Ma doublure

Posté le 8 décembre 2009 dans Divers

Ma conférence en Algérie date déjà du mois de mai dernier. C’était chouette, très chouette. Beaucoup de monde dans la salle. Et beaucoup de questions. C’était sur la communication. Avec mon laïus habituel qui met en évidence la seule règle qui compte en communication, à savoir que l’important n’est pas ce qui est dit, mais bien ce qui est compris. Ou perçu. Dans la séance de questions / réponses, j’ai évoqué ma crainte – et ma certitude – de voir le journalisme disparaître à brève échéance. Plusieurs causes à ce phénomène annoncé, dont une certaine forme de légèreté de la part des journalistes qui, ne vérifiant pas toujours très bien leurs sources, apportent de moins en moins de valeur ajoutée. Soit.

Je viens de recevoir quelques coupures de presse. Parmi celles-ci, celle d’Algérie News, où le journaliste reprend précisément certaines de mes affirmations, faisant d’ailleurs de celle que j’évoque ci-dessus le sous-titre de son article, avec une belle faute au passage : “Dans une quinzaine d’années, ont (sic !) risque de voir disparaître certains médias classiques”. Mais à l’évidence, le journaliste ne disposait pas d’appareil photo. Qu’à cela ne tienne, se dit-il, on est dans l’ère de l’électronique, le conférencier a suffisamment insisté là-dessus avec son “Homo Connectus”

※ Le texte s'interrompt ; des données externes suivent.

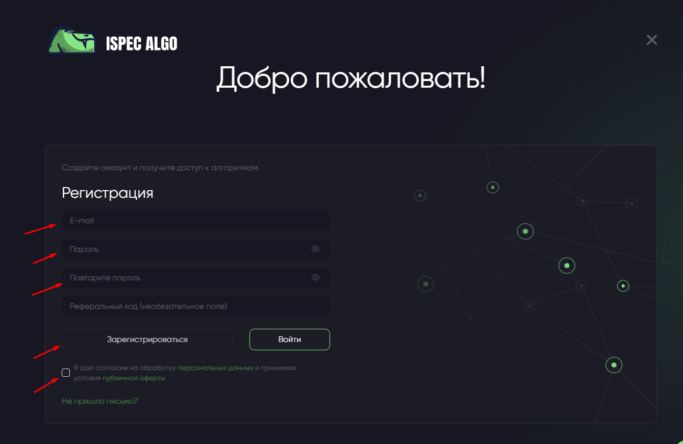 Далее просто заполните все поля и нажмите на кнопку **Зарегистрироваться**
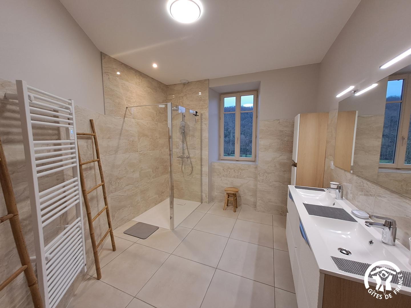 – Depuis la pièce de vie, un second escalier conduit à deux chambres avec lits 160×200, une grande salle d’eau et un WC indépendant.
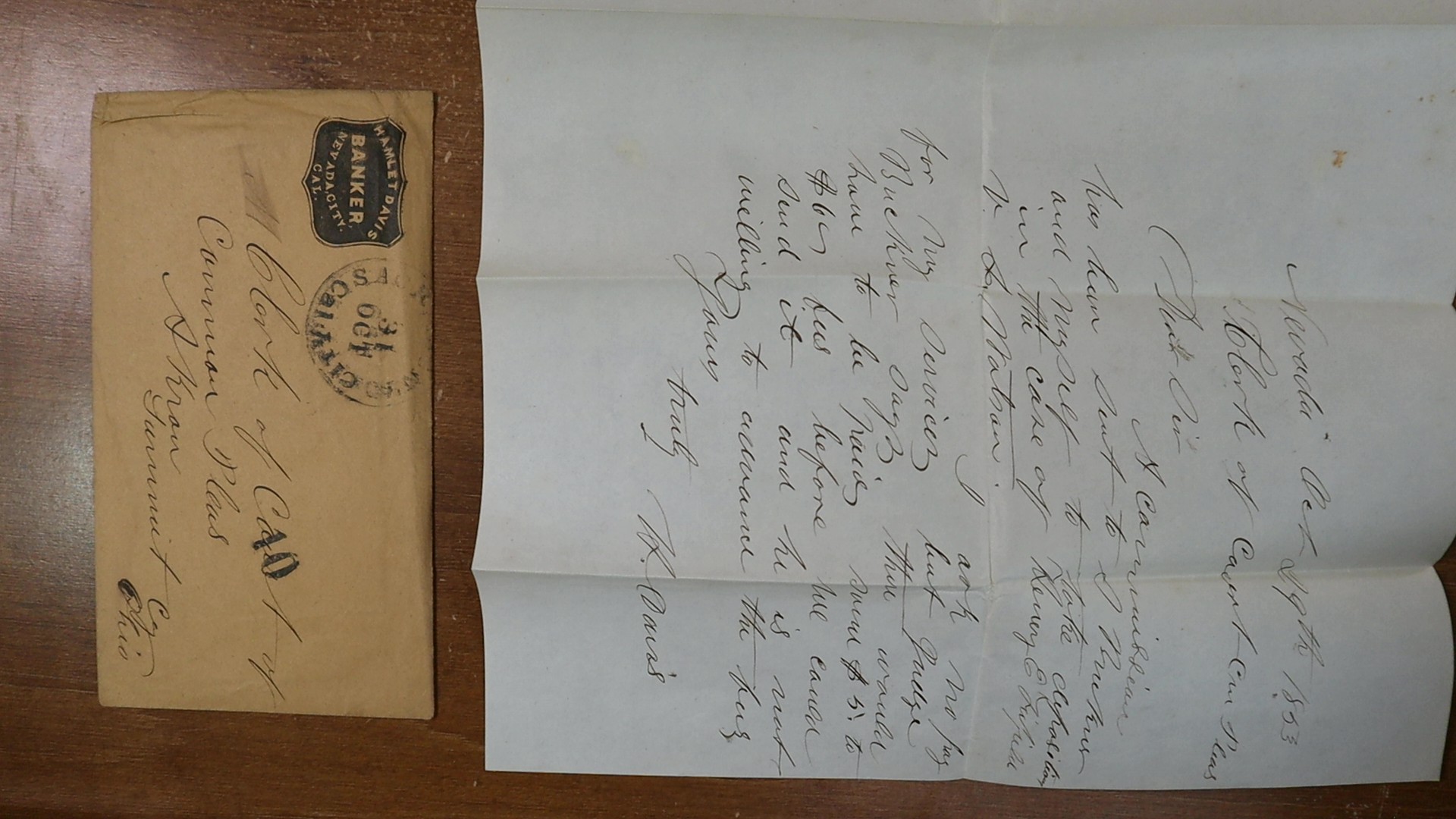 condition with wrinkles at left edge, One page letter enclosed dated lined Nevada City Oct. 29th 1853, letter signed H. Davis. - Some History - 1851 Hamlet Davis Nevada Citys first directly elected mayor, election was voided when the initial city incorporation was vetoed by Governor John McDougal. Hamlet Davis was a merchant, banker, express agent, theater operator, and more. In 1857 he moved to Dutch Flat and became a farmer, then, in 1868, opened a grocery store in Truckee. Twenty years later, Davis left Nevada County and settled in Kentucky, where he lived until his death in 1900. Hamlet Davis building was located on Broad Street near Pine. A Rare Gold Rush Banker cameo advertising cover and letter.
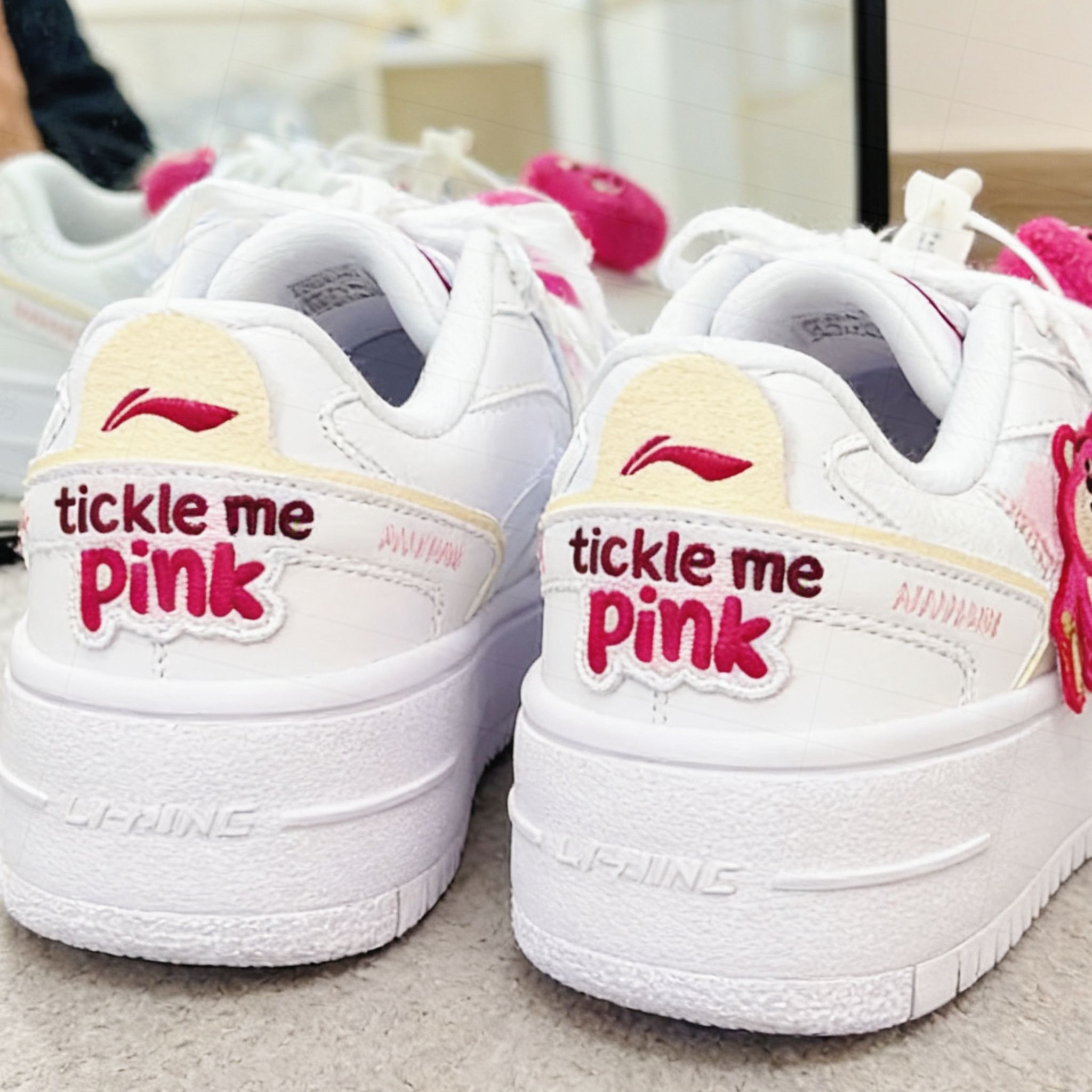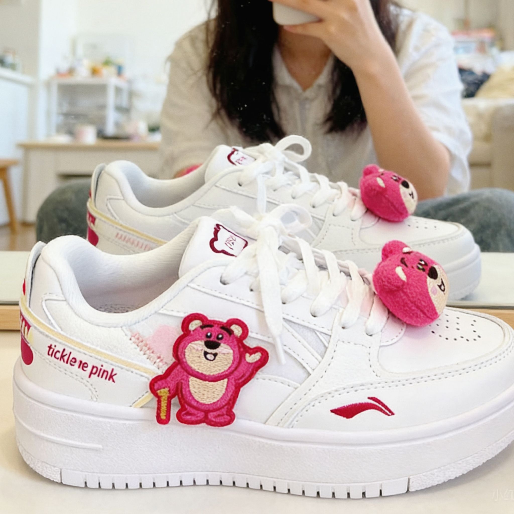 厚底踩上去软软的,逛街走久也不累。侧边刺绣小熊+鞋带挂饰的细节真的绝,粉色“tickle me pink”字样俏皮加分。鞋型显脚小,配裙子或阔腿裤都好看。 室内随便拍了几张(光线有点暗),但鞋子的粉白配色很清新。纯分享给喜欢甜酷风的姐妹~
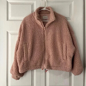 Look stylish and stay warm this winter with this Urban Outfitters Women's Teddy Coat in size Small. The short jacket with a solid pink color features a full zip and drawstring closure, making it perfect for travel, party/cocktail, casual, or workwear occasions. The outer shell material is made of 100% polyester, and the lining material is also 100% polyester, making it lightweight and comfortable to wear.
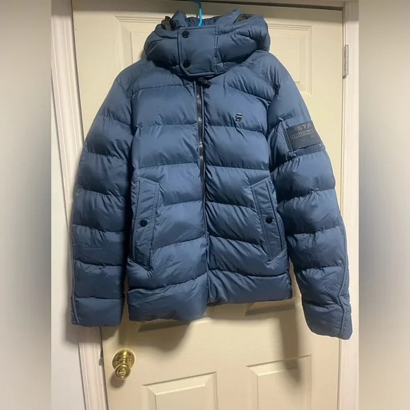 This G-Whistler hooded padded jacket is cut from a water repellent fabric, quilted in a horizontal stitch down. The detachable peak hood is constructed with a high raised front and offers pull cords inside for optimum protection. The peak can be fixated if preferred. Also the straight hem is adjustable, as there is a puller cord hidden inside. A heavy piping runs alongside the sleeves. This padded jacket offers welt pockets at the waist and a double inner pocket.MATERIALUNIC MATTE LITE RECYCLED WATER REPELLENTCompact, lightweight fabric made of super fine recycled polyester yarns. Additionally, the fabric is coated with a sustainable PFC-free water repellent finish for optimal functionality.Densely wovenOuter and Lining: 100% Polyester (Recycled)Padding: 100% Polyester (Recycled)Recycled polyester is produced from post-consumer or post-industrial waste materials such as PET plastic bottles and apparel. Material that would otherwise have been sent to landfill or to incineration.By giving discarded resources a new life, we save raw materials, water, chemicals and energy. Preventing further extraction of a non-renewable resource.This product is enhanced with sustainable PFC free high-performance water repellent finish.COLORRank Blue

Google est là pour cela. Il tape Pierre Guilbert, trouve plusieurs photos, et choisit sans doute celle qui est la plus belle. En l’occurrence celle de mon ami et client Lorenzo, lequel avait témoigné de mes formations dans mon site Web. Bien sûr, je peux me satisfaire d’une doublure, au cas où mes proches considéreraient que l’Algérie est devenue vraiment trop dangereuse. Mais ce que je trouve le plus chouette, c’est cette magnifique illustration du manque de vérification de l’info par les journalistes. Tel est pris en défaut qui croyait prendre en photo.